Standard base calling and sequence composition
The Illumina base caller uses a model-based approach for the conversion of intensity values into bases. The run-specific parameters of this model (so-called cross-talk matrix and phasing/pre-phasing values) are determined from the first few cycles of each read. The cross-talk matrix is typically estimated from cycle 2, phasing and pre-phasing values from the first 20 cycles. This estimate is often incorrect when libraries have an unbalanced base composition in this part of the read. Such unbalanced base composition is common when a restriction site or some tag sequence is present in either the forward or the reverse read (in case of paired-end sequencing). The only read type for which this parameter estimation is not used is the index read. For the index, parameters calculated for the preceding read are applied. Therefore, for at least one lane in each run the base composition should be balanced over the thousands of clusters per tile, or a separate control lane has to be sequenced for estimating these base-calling parameters.
This control lane library is not limited to the commonly used φ × 174 genome; however the choice should be limited to a high complexity shot-gun library from an organism with close to 50% GC content, to account for assumptions in the parameter estimation process [1, 13, 14]. A genomic shot-gun library from most species can be used for this purpose. mRNA sequencing libraries have been suggested as a valid replacement for the control lane, however mRNA libraries (prepared from the standard Illumina-protocol using double strand ligation protocol) show a biased base composition in the first twelve bases of the reads  and are therefore no longer recommended.
Quality control, read spike-in and alternative base callers
In addition to the estimation of base-calling parameters, a control lane also provides useful statistics for sequencing quality. For this purpose the addition of a spike-in φ × 174 sequences in every lane is highly recommended for runs on the Illumina platform, even in cases where a high complexity shot-gun library lane is available for parameter estimation. Given a known high quality control library, the obtained per lane statistics for this library can then be compared, even between different runs. The choice of φ × 174 as a quality control is again arbitrary; however a control sample should have the following features: (1) small genome with no similarity to the actual library sequenced, (2) completely known genome sequence of the exact sample to determine error development and (3) high complexity and balanced base composition to study error patterns. If condition (1) is fulfilled, the spike-in can be performed without the need for multiplex sequencing in order to later separate the control reads from other library molecules. The inclusion of φX spike-in in each lane rather than in a separate control lane is also a vendor-recommended procedure for HiSeq sequencing.

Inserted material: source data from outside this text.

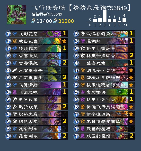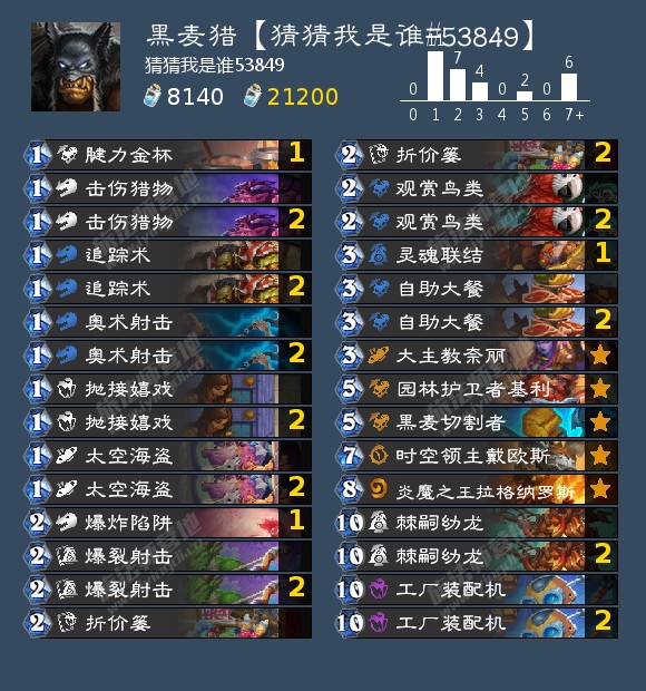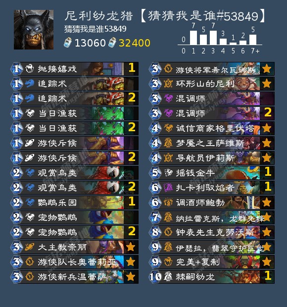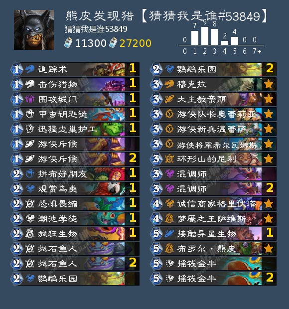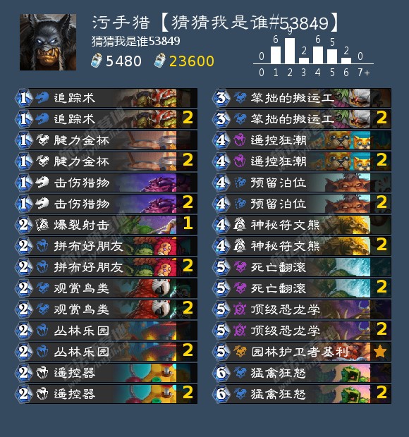 说明:这是一套常规的半otk卡组,实际玩起来胜率还是比较高的,因为在我的分段基本没见别人玩过,因此推荐给大家。大部分情况在5费左右能做完任务,胡牌的情况下4费完成任务,5费当回合用鹦鹉乐园+提克和托克+恐鳞追猎者,基本就赢了,每局对局都很快:前期通过狂野的卡牌包+拼布好朋友+业务支猿+巴拉克·科多班恩快速完成第一阶段任务,中期通过追踪术+观赏鸟类+大主教奈丽+梦魇之王萨维斯来检索穆拉克,以完成第二阶段任务。
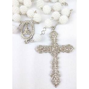 Terço de Noiva confeccionado com pérolas brancas framboesa ABS de 12mm, não descascam e não deformam. Cruz Prata cravejada com Strass Preciosa medindo 8,0 cm de altura e 5,5 cm de largura. Entremeio de Nossa Senhora Aparecida cravejada com Strass Preciosa medindo 3,5 cm de altura e 2,3 cm de largura. A medida do terço esticado é de aproximadamente 73 cm. O terço é acomodado em uma fina caixa de veludo. Marca: Não Informado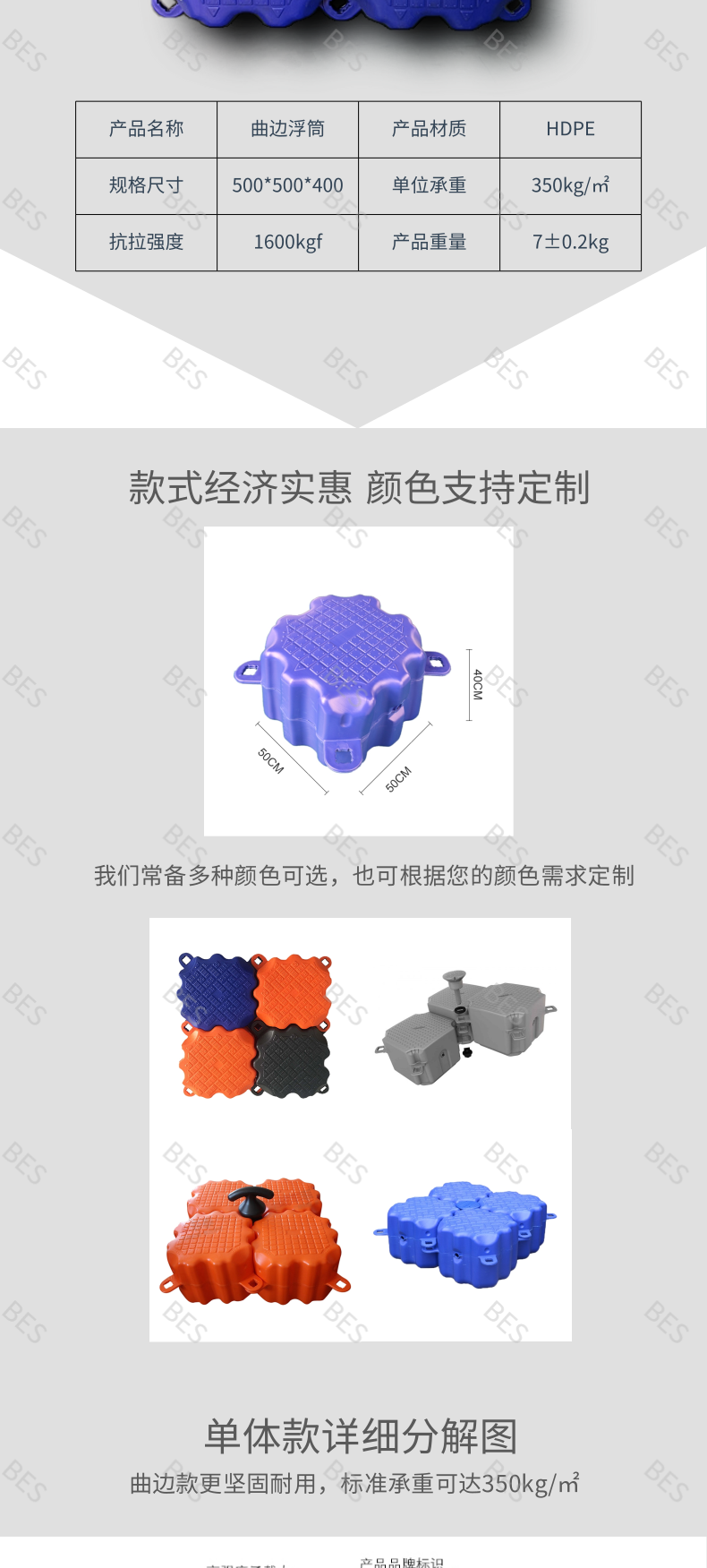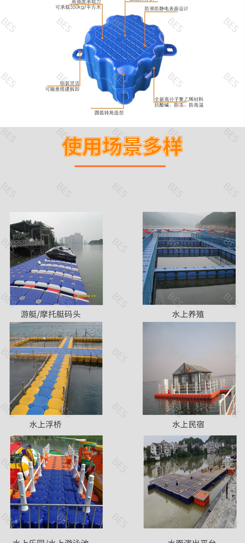 每平方米450.00元的价格,考虑到聚乙烯浮台的使用寿命、耐用性以及多场景适用性,宁波百世的产品具有极高性价比。相比传统水泥码头或者木质平台,聚乙烯浮台维护成本更低,安装灵活,且使用期长,综合成本优势明显。

A fraction of less than 1% control reads is sufficient for creating these quality statistics for all lanes and even facilitates the use of a reference-based base calling approach, such as AltaCyclic  and Ibis , which increases the base calling accuracy. Despite differences in sequencing chemistry, run parameters and overall run quality, the application of an alternative base caller typically yields a reduction in error rate of about 20% (Additional File 5). When turning off automatic parameter estimation for the Illumina base caller and using default values from runs of comparable sequencing chemistry, this low fraction of control reads in combination with an alternative base caller allows for the omission of a dedicated control lane for libraries with unbalanced base composition.
Frequently projects use sequence data generated on different sequencing platforms, with varying versions of the sequencing chemistry and instrument software, or data produced in different facilities. This creates a need for assuring data quality and consistency. Quality score recalibration based on sample alignments to a reference genome has been identified as one solution to this problem . Currently the most widely applied algorithm is part of BROAD Institute's Genome Analysis Toolkit (GATK) . However, quality score calibration based on alignments with some divergence to the actual sample is problematic, especially if the divergence to the reference varies between samples. This could cause a biased correction of quality scores and fewer SNP calls for the samples with higher divergence (which is why the tool in GATK allows for masking of known SNP positions). If the quality scores calibrated on a reference alignment are used in an inter-species comparison and genome quality or species diversity varies (as is commonly the case), then qualities obtained from such calibrations will have a species bias (i.e. scores will be lower for the species with lower reference genome quality or higher diversity). Therefore, only spike-in control reads should be used for calibration of quality scores (as is implicitly the case for the Ibis base caller ).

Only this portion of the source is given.